DIRECTIONS FOR THIS TASK -
Exact copies of the records below are needed, free of pictures.

RECORD SET -
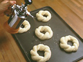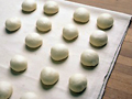 生地を40gに分割して丸め、布の上に並べて10〜15分やすませる。
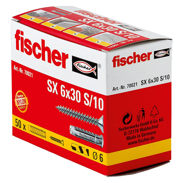 - Lieferumfang: 1 x Faltschachtel Spreizdübel SX (Art.-Nr. 70021), Karton mit Nylon-Allzweckdübeln (50 Stk. 6 x 30) sowie passenden Schrauben (50 Stk. 4,5 x 40) von fischer
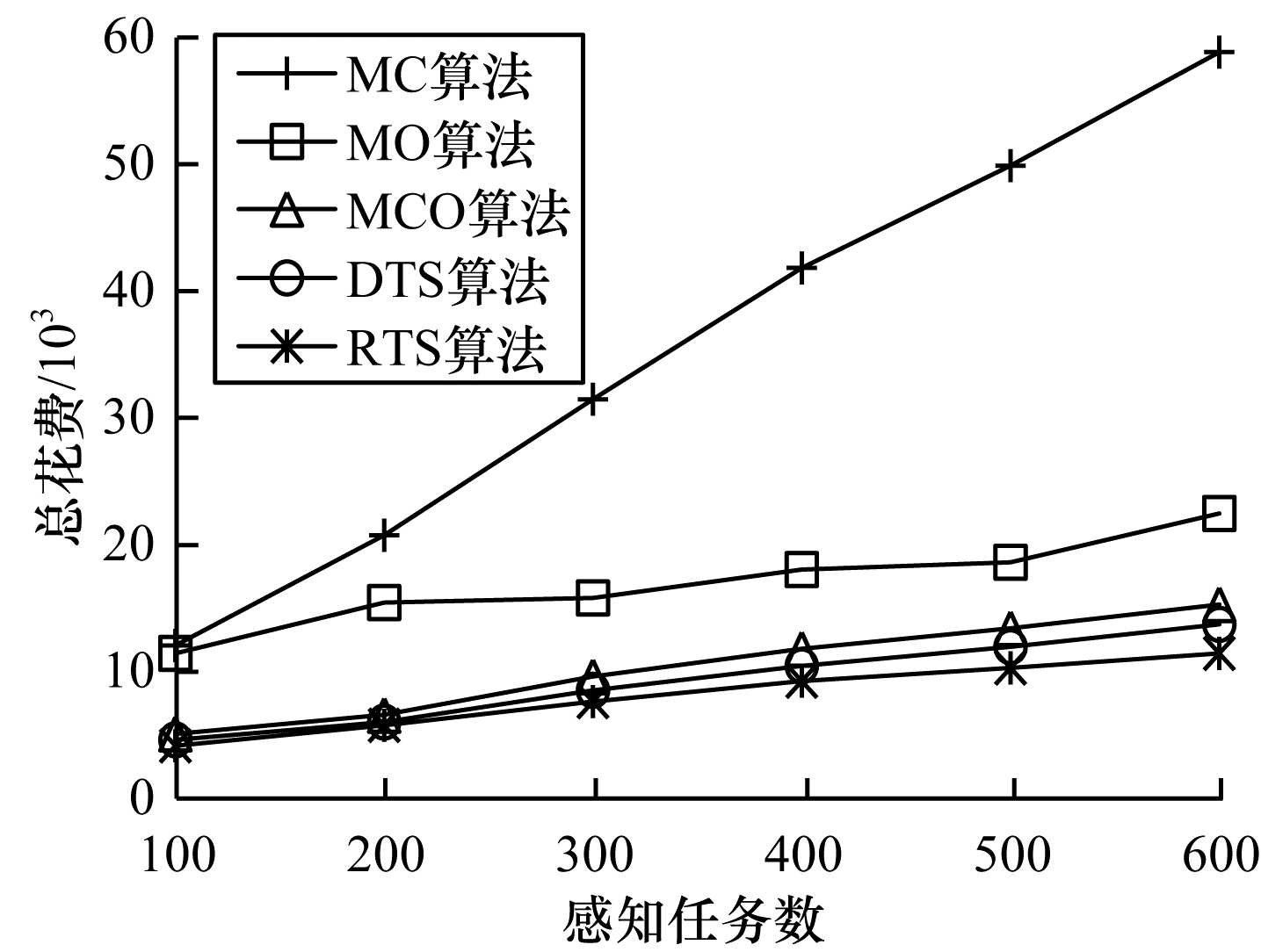 | 图 4 感知任务数对总花费的影响 Fig. 4 Impact of the number of sensing tasks on the total cost | |
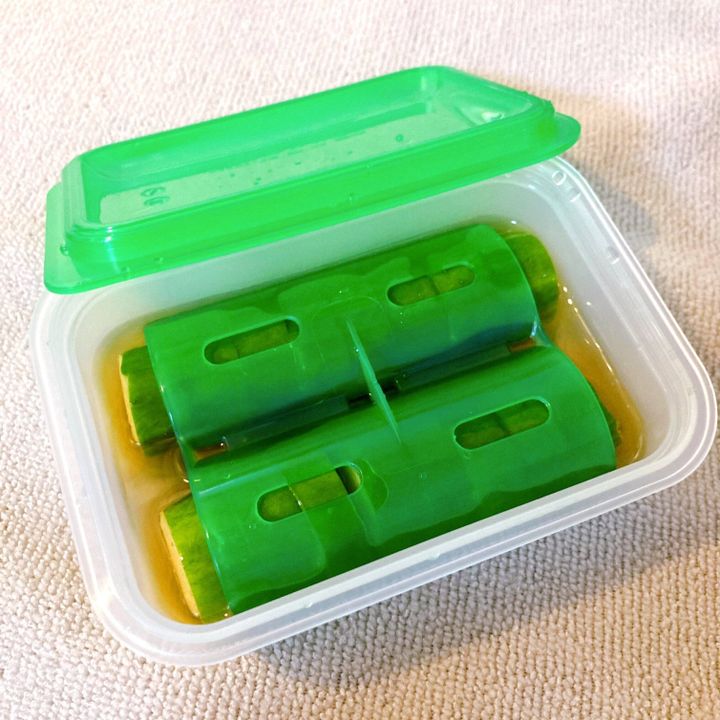 容器にくぼみがあり、そこに入る大きさに切ったきゅうりを入れるのが特徴なんです。その大きさが一口大なので漬けあがったらそのまま食べられ、その大きさが漬け込み時間を短くしてくれています。
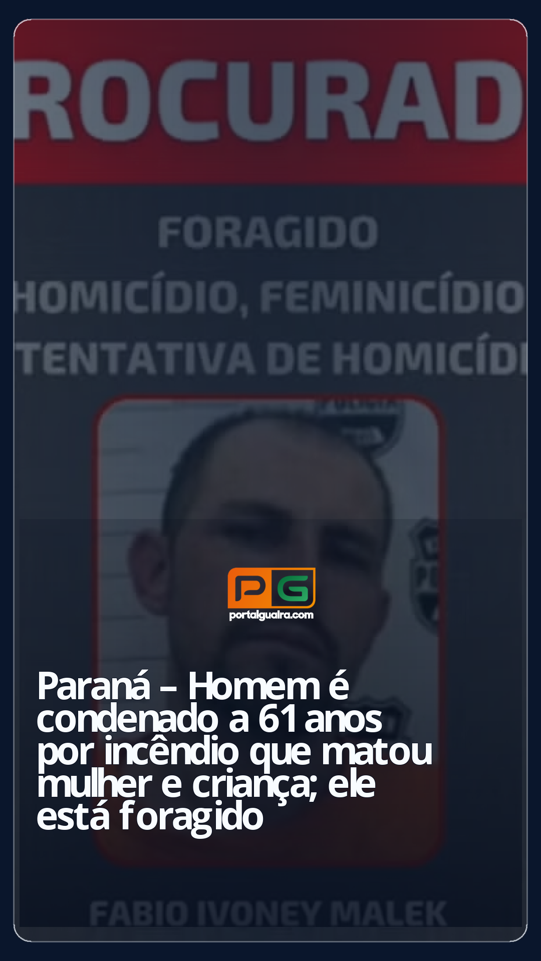 Um homem foi condenado pelo Tribunal do Júri a 61 anos de prisão por matar uma mulher e uma criança de três anos após atear fogo na casa delas em Laranjeiras do Sul, na região Central do Paraná. Fábio Ivoney Malek, de 42 anos, é considerado foragido, segundo a Polícia Civil (PC-PR).
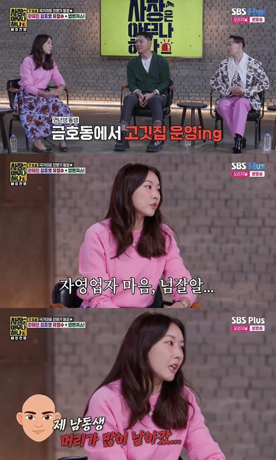이어 김호영은 한혜진에게 "사업 경험이 따로 있냐"고 물었고, 이에 한혜진은 "제 연년생 남동생이 자영업자다. 서울 금호동에서 고깃집을 운영하고 있다"고 말하며 가까이에서 많은 고충을 직접 듣고 있다고 언급했다.

WRITTEN RESPONSE -
 生地を40gに分割して丸め、布の上に並べて10〜15分やすませる。
 - Lieferumfang: 1 x Faltschachtel Spreizdübel SX (Art.-Nr. 70021), Karton mit Nylon-Allzweckdübeln (50 Stk. 6 x 30) sowie passenden Schrauben (50 Stk. 4,5 x 40) von fischer
 | 图 4 感知任务数对总花费的影响 Fig. 4 Impact of the number of sensing tasks on the total cost | |
 容器にくぼみがあり、そこに入る大きさに切ったきゅうりを入れるのが特徴なんです。その大きさが一口大なので漬けあがったらそのまま食べられ、その大きさが漬け込み時間を短くしてくれています。
 Um homem foi condenado pelo Tribunal do Júri a 61 anos de prisão por matar uma mulher e uma criança de três anos após atear fogo na casa delas em Laranjeiras do Sul, na região Central do Paraná. Fábio Ivoney Malek, de 42 anos, é considerado foragido, segundo a Polícia Civil (PC-PR).
이어 김호영은 한혜진에게 "사업 경험이 따로 있냐"고 물었고, 이에 한혜진은 "제 연년생 남동생이 자영업자다. 서울 금호동에서 고깃집을 운영하고 있다"고 말하며 가까이에서 많은 고충을 직접 듣고 있다고 언급했다.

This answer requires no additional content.